What is ‘contingent risk insurance’?
Contingent risk insurance covers risks that are known – such as pending or issued litigation, a potential or actual regulatory issue or challenges arising from a re-organisation or a restructuring.
Typically, an insurer will require that the known risk is quantifiable and capable of legal assessment. Generally, contingent insurance works best in scenarios where the risk is remote (making it insurable) but the potential business impact is severe (making insurance an attractive option for the insured). Pricing is highly bespoke, but typically falls within the range of 2% – 10% of the limit of insurance.
Why use it?
Clients have often utilised contingent insurance to unlock transactions, such as M&A and finance deals, that may otherwise have been derailed
by the known risk. Insurance is often a cheaper and more efficient risk transfer mechanism compared to other options, such as a price-chip,
indemnity, escrow arrangements or expensive third-party security. Increasingly, contingent risk insurance is also being deployed outside
of the transactional context. For example, to allow a contingent liability or asset balance sheet provision to be released, allowing dormant cash
to be utilised and recycled through a business. In this way, contingent insurance is helping clients to unlock upside as well as mitigate downside risk.

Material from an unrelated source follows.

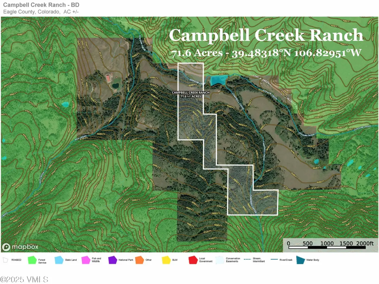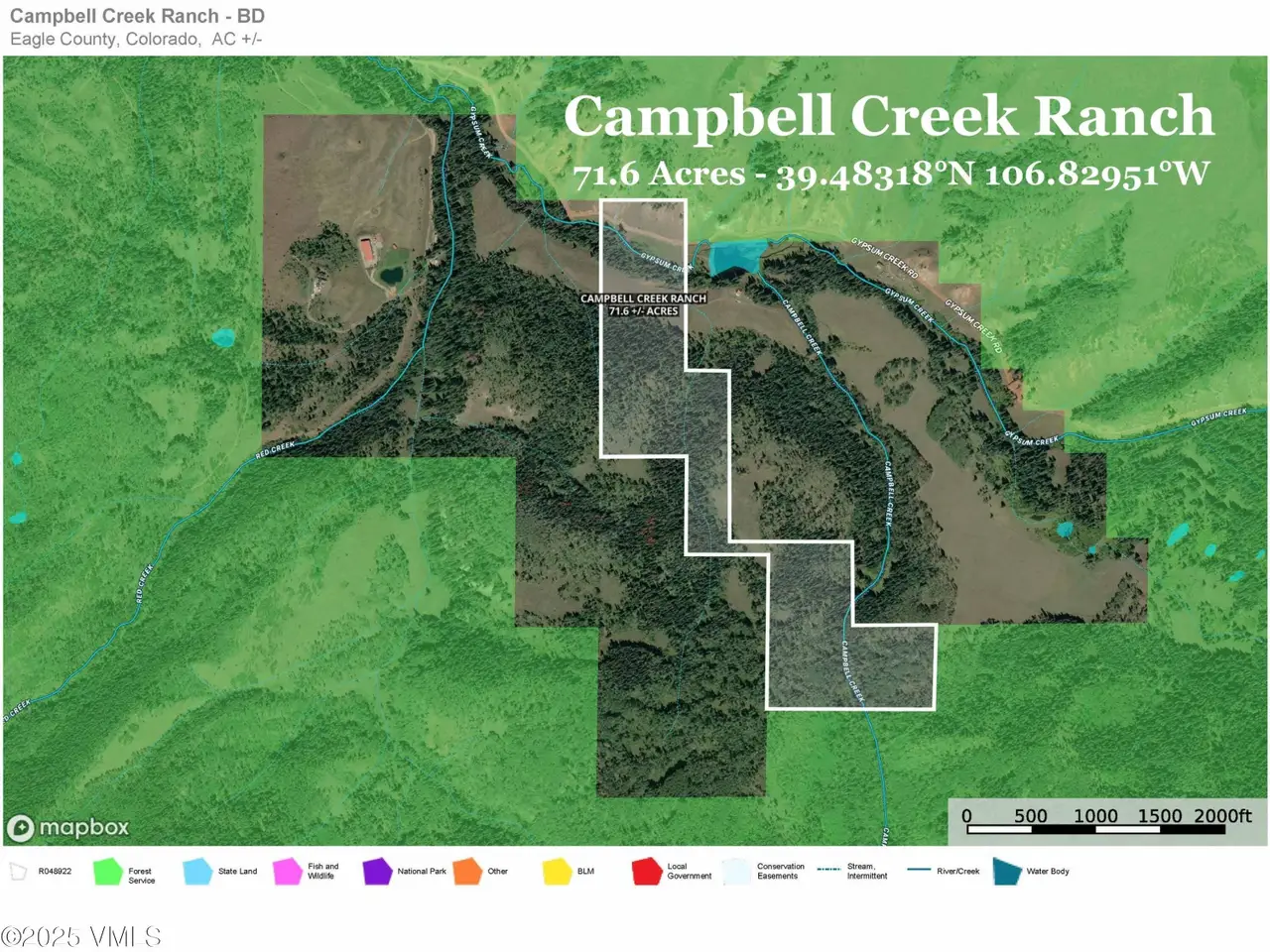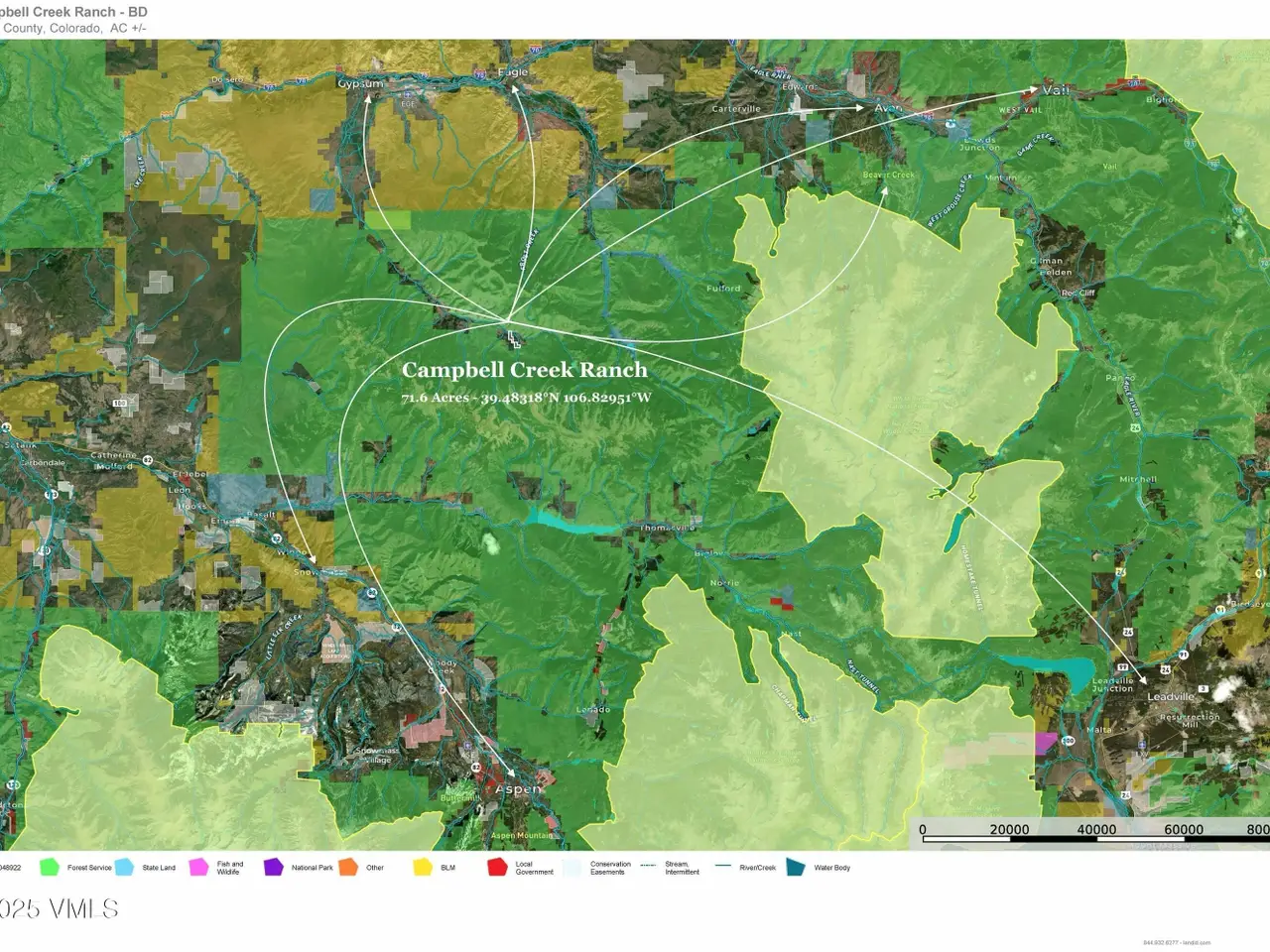 The Campbell Creek Ranch (CCR) is conveniently located between Colorado's Vail and Aspen ski resorts. The 72-acre property borders - and is virtually surrounded by - the White River National Forest. 'Live Water' flows through the CCR from Campbell Creek and Gypsum Creek. The elevation of the ranch ranges from 8,440' to 8,920' and supports a wide range of Colorado's diverse flora [riparian creeks, aspen groves, pine forests, sagebrush hills, open pastures] and fauna [deer, elk, moose, bear, coyote, fox]. The property is in Game Management Unit (GMU) 44 and offers direct access to thousands of acres of hunting and hundreds of miles of USFS off-road-vehicle-approved (ORV) roads leading to Sylvan Lake, Ruedi Reservoir, and beyond. Located 52 miles from Vail, 47 miles from Beaver Creek, 17 miles from the Vail Valley Jet Center, and 80.4 miles from Aspen, the Campbell Creek Ranch offers privacy, accessibility, and is the starting point of the ideal Colorado mountain getaway. The gentle topography also offers abundant options to build your 'cabin in the woods'. The Campbell Creek Ranch is adjacent to the 'available-for-sale' Red Creek Ranch [178 acres] and recently sold Red Creek Trail Ranch [65 acres]. Campbell Creek Ranch GPS Coordinates are 39.48318 degrees N 106.82954 degrees W. A custom interactive map of the ranch and surrounding area is available upon request.
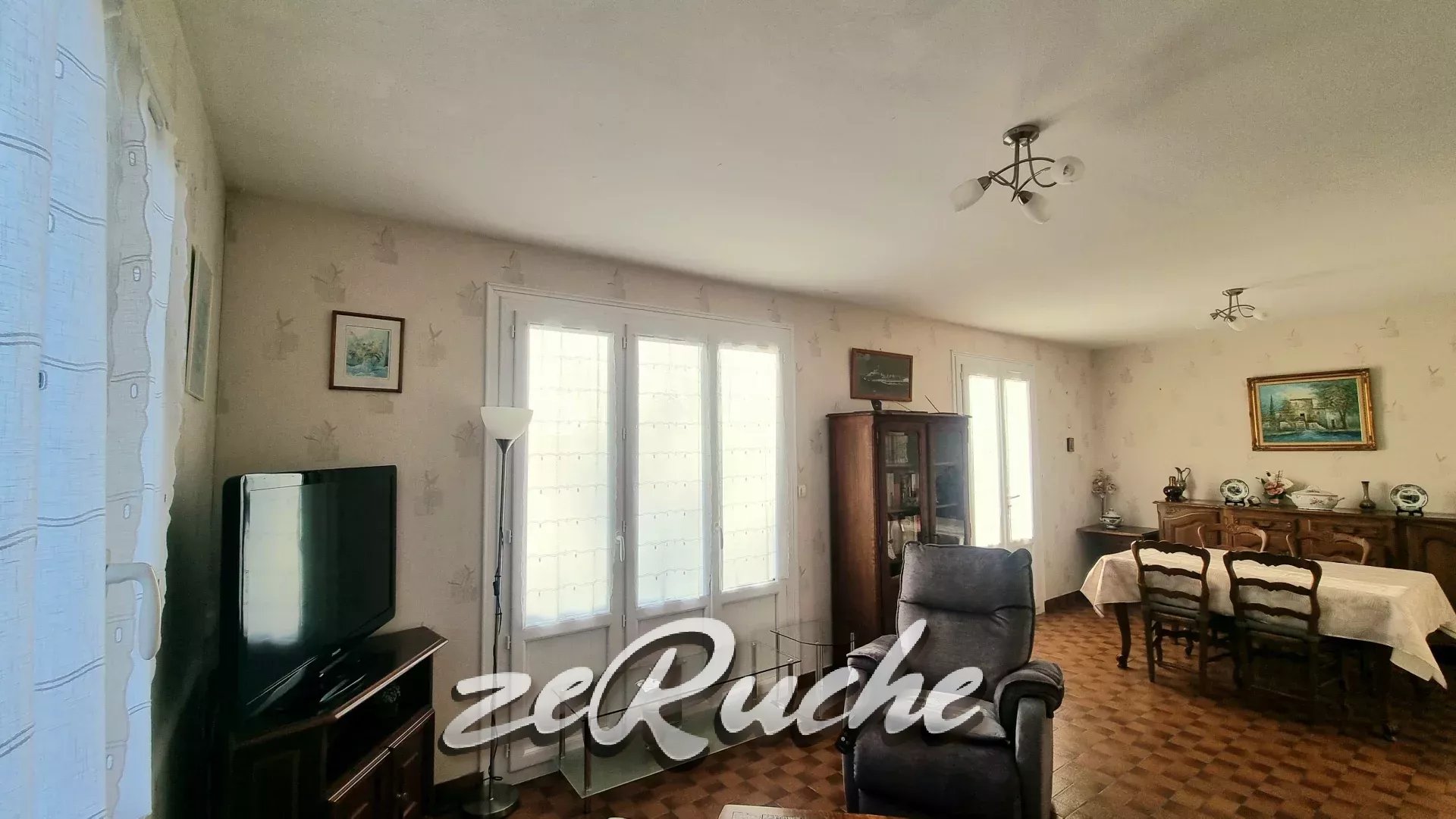 Une spacieuse entrée avec placard vous accueille d'abord et dessert une cuisine, un lumineux séjour exposé sud-ouest, avec cheminée et un accès intérieur au sous-sol.

In a very wide range of settings, we advise clients on contingent risk insurance solutions designed to meet a variety of challenges, including:
We structure contingent insurance solutions for disputes that are either active, threatened or which have the potential to emerge in the future.
A business may have been successful in a dispute, but that result could be overturned on appeal. A judgment preservation insurance policy “locks-in” the successful outcome, allowing the business to be sold and/or release accounting provisions connected to the dispute.
Contingent insurance can provide a safety net where contractual provisions do not provide sufficient certainty – for example, a buyer may lack confidence that it can rely upon a chain of indemnities purportedly in favour of the target.
We arrange insurance that protects insolvency practitioners, creditors and other stakeholders involved in the winding up of an insolvent estate against the risk of third-party claims.
Buyers can have concerns regarding their liability to fund very significant pension liabilities – a well-crafted contingent insurance policy can mitigate such risks.
Cover for specific environmental liabilities (including known pollution and remediation liabilities).
A renewables target may be at risk of reclassification such that the preferential price it receives for selling energy would be lost. Such risks, which often turn on a legal issue, are insured with growing frequency.
Potential Tax Issues
Cover for tax risks on M&A transactions, refinancing and restructuring.
Cover for ownership risks including on M&A, real estate and infrastructure transactions.
Contingent insurance can be deployed to cover a range of risks, including infringement claims, non-use trade mark revocation and potential gaps in IP assignments.
Reorganisations can shed light on a range of debt, company and other legal risks that can be addressed by a contingent insurance policy.